In 2015, we reported the isolation of Helicobacter himalayensis sp. nov. strain 80(YS1)T from Marmota himalayana in the Qinghai-Tibet Plateau, China. This was the first report that a new species of helicobacter could be isolated and cultured directly in the gastrointestinal mucosa of a Marmota himalayana. M. himalayana live in the Qinghai-Tibet Plateau, a relatively isolated environment with an average altitude over 4000 m, which induces great differences in animal and plant biodiversity compared with plain regions. H. himalayensis, a new species of Helicobacter isolated from this plateau, may have unique evolutionary, pathogenic, and drug resistance characteristics because of its unique natural environment and host.

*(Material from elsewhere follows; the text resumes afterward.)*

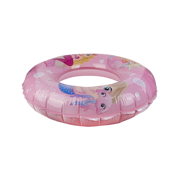 Надувной круг «Русалка» представляет собой детский аксессуар для плавания, выполненный в розовом цвете с принтом в виде веселых русалочек. Изображения персонажей расположены по всей внешней стороне круга, дополнены ракушками и звездами, создавая картину подводного королевства. Продукт изготовлен из прочного материала ПВХ, что обеспечивает его долговечность и безопасность в использовании.
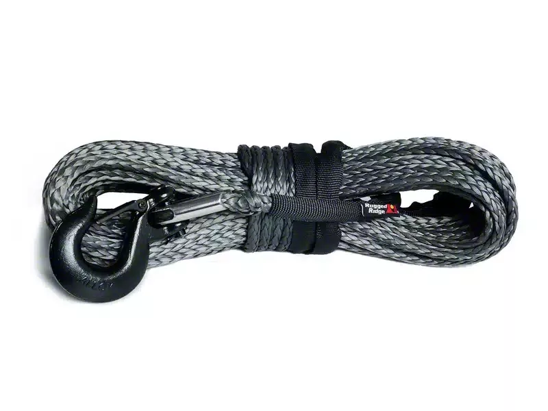 Technological Innovation, Increased Performance. You can count on the high-tech synthetic fiber to hold up during tough jobs. Rugged Ridge includes an abrasion reducing chafe guard that increases line longevity and reduces breaks. A protective sleeve prevents overheating on the winch drum, and each line comes with a black, powder coated latch hook and safety thimble.

With development of next-generation sequencing technologies, many whole-genome sequences for non-H. pylori species have been generated in the past five years [17,18,19,20]. The deposition of this genomic data in the National Center for Biotechnology Information (NCBI) database has encouraged research seeking a deeper understanding of Helicobacter species at the genomic level. Therefore, in the present study we aimed to sequence the whole genome of H. himalayensis, and to explore the molecular evolution and potential pathogenicity of H. himalayensis using genome-wide comparative analyses based on the existing genomes of Helicobacter species.

Results

General features of H. himalayensis genome

The nucleotide sequence of the genome of H. himalayensis strain 80(YS1)T was deposited in the NCBI Databases with accession No. CP014991. The final genome assembly of H. himalayensis 80(YS1)T contained 103 contigs with a draft genome size of 1,829,936 bp and a genomic GC content of 39.89% (Table 1). The general annotation was performed by the NCBI Prokaryotic Genome Annotation Pipeline (PGAP). It predicted 1769 genes in total, among which 1664 belongs to predicted proteins, 1290 (77.52%) could be assigned to a function with a high level of confidence, and 374 (22.48%) were assigned as hypothetical proteins. The genome contained 39 tRNAs, a pair of 16S rRNAs, a pair of 23S rRNAs, a pair of 5S rRNAs, 3 ncRNAs and one phage intergrase, however, no plasmids or insertion sequence (IS) elements were found. Moreover, a genomic island predicted by a online tool IslandViewer 4, was named HhiG1 in the genome. The genomic island contained multiple genes encoding four restriction endonuclease subunit S, a restriction endonuclease subunit R, a type I restriction-modification system subunit M, a type II toxin-antitoxin system RelE/ParE family toxin, a type II toxin-antitoxin system RelB/DinJ family antitoxin, and site-specific integrase, as well as some hypothetical proteins (See Supplementary Table 1, Additional File 1). HhiG1 comprised 52,677 bp at position 1,738,356 to 1,791,033 in genome .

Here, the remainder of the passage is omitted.